=== TASK BRIEF ===
Retype the lines below exactly, but only those from the line that has "Мужская базовая футболка / Неоновые грани 3D" through the line that has "This 2013 Mazda". Omit every picture.

══ PROVIDED DATA ══

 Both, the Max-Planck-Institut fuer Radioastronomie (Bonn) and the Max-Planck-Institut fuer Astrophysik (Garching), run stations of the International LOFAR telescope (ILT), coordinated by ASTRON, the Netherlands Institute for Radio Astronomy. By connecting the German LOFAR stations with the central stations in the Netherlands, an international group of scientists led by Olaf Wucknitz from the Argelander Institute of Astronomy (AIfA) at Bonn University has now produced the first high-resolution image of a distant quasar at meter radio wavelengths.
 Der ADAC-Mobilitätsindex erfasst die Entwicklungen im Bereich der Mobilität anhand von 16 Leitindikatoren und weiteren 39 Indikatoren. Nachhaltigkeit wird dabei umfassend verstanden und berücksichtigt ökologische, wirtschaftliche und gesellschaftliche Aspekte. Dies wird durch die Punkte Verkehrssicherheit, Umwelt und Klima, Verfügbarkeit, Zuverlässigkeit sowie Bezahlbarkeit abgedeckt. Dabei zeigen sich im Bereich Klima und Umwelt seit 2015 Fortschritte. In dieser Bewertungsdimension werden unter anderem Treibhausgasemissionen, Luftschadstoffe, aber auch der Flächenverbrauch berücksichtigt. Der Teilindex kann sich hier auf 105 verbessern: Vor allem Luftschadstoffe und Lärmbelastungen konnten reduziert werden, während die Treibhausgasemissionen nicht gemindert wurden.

═══
══ PROVIDED DATA ══

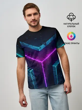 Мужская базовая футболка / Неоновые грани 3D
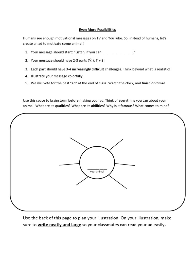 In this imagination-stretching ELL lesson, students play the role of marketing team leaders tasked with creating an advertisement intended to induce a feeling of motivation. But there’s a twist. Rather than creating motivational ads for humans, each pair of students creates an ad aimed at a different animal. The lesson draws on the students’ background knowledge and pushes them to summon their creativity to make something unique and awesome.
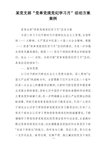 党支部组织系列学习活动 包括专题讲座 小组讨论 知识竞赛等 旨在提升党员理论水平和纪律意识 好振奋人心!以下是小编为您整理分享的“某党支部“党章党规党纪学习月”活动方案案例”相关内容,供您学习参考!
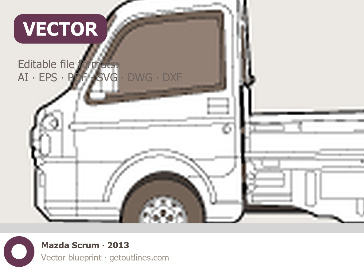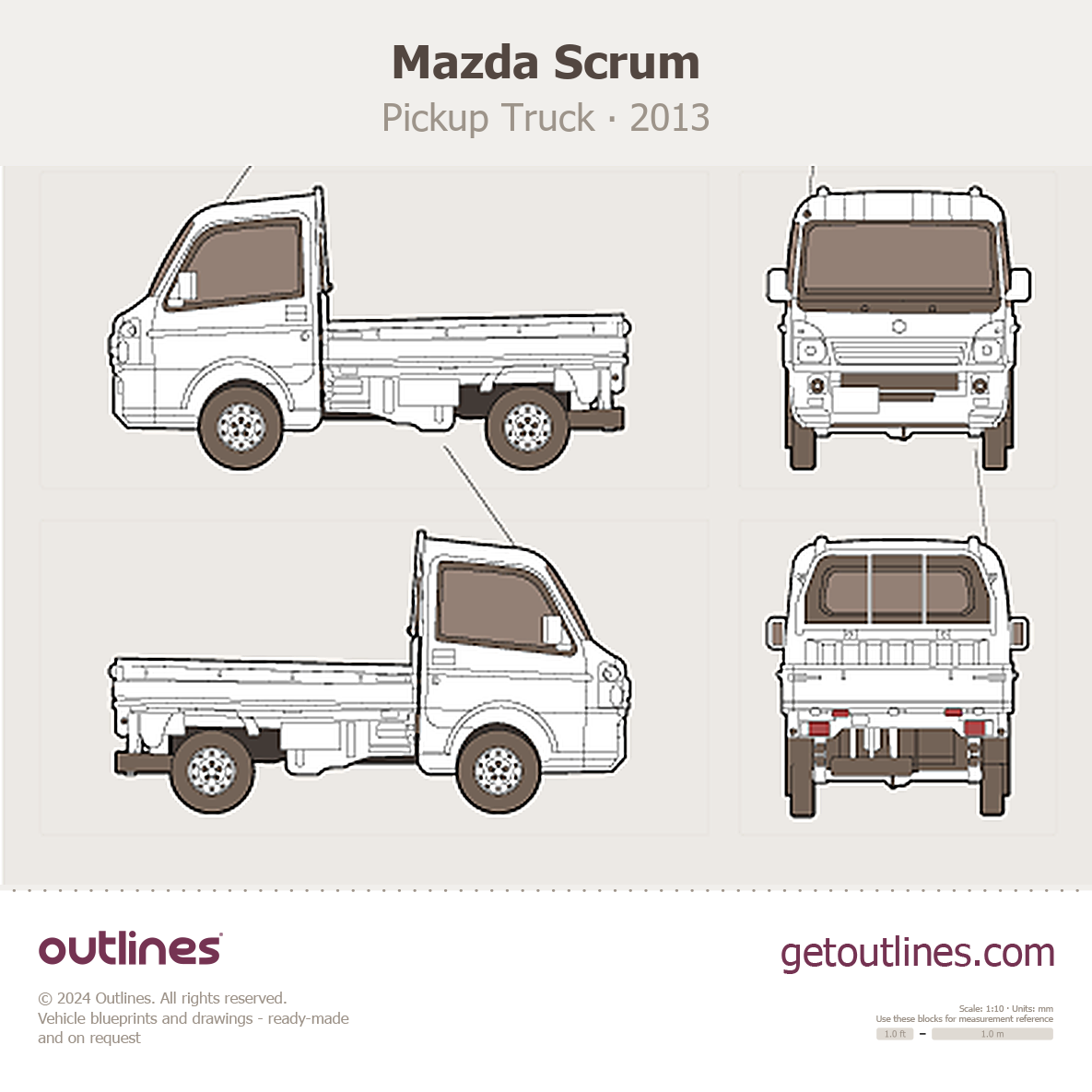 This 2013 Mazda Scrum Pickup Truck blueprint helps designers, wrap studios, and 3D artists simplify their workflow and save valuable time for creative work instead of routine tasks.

═══

=== SOLVED EXERCISE ===
 Мужская базовая футболка / Неоновые грани 3D
 In this imagination-stretching ELL lesson, students play the role of marketing team leaders tasked with creating an advertisement intended to induce a feeling of motivation. But there’s a twist. Rather than creating motivational ads for humans, each pair of students creates an ad aimed at a different animal. The lesson draws on the students’ background knowledge and pushes them to summon their creativity to make something unique and awesome.
 党支部组织系列学习活动 包括专题讲座 小组讨论 知识竞赛等 旨在提升党员理论水平和纪律意识 好振奋人心!以下是小编为您整理分享的“某党支部“党章党规党纪学习月”活动方案案例”相关内容,供您学习参考!
 This 2013 Mazda Scrum Pickup Truck blueprint helps designers, wrap studios, and 3D artists simplify their workflow and save valuable time for creative work instead of routine tasks.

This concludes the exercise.